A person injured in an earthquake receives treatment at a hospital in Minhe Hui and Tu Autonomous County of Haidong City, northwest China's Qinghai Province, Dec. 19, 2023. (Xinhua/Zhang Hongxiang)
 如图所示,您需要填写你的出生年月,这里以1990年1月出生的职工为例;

--

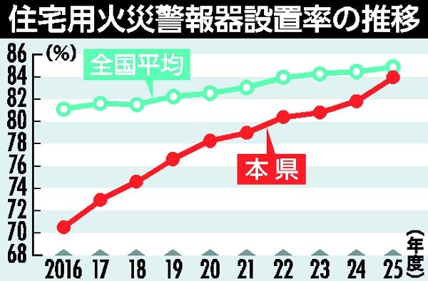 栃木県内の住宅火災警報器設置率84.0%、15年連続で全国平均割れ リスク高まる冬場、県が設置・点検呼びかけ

Exercise goal - Starting at the line above that contains "A person injured", repeat each line exactly up to and including the line that contains "如图所示,您需要填写你的出生年月,这里以1990年1月出生的职工为例;", and stop there.

Answer box -
A person injured in an earthquake receives treatment at a hospital in Minhe Hui and Tu Autonomous County of Haidong City, northwest China's Qinghai Province, Dec. 19, 2023. (Xinhua/Zhang Hongxiang)
 如图所示,您需要填写你的出生年月,这里以1990年1月出生的职工为例;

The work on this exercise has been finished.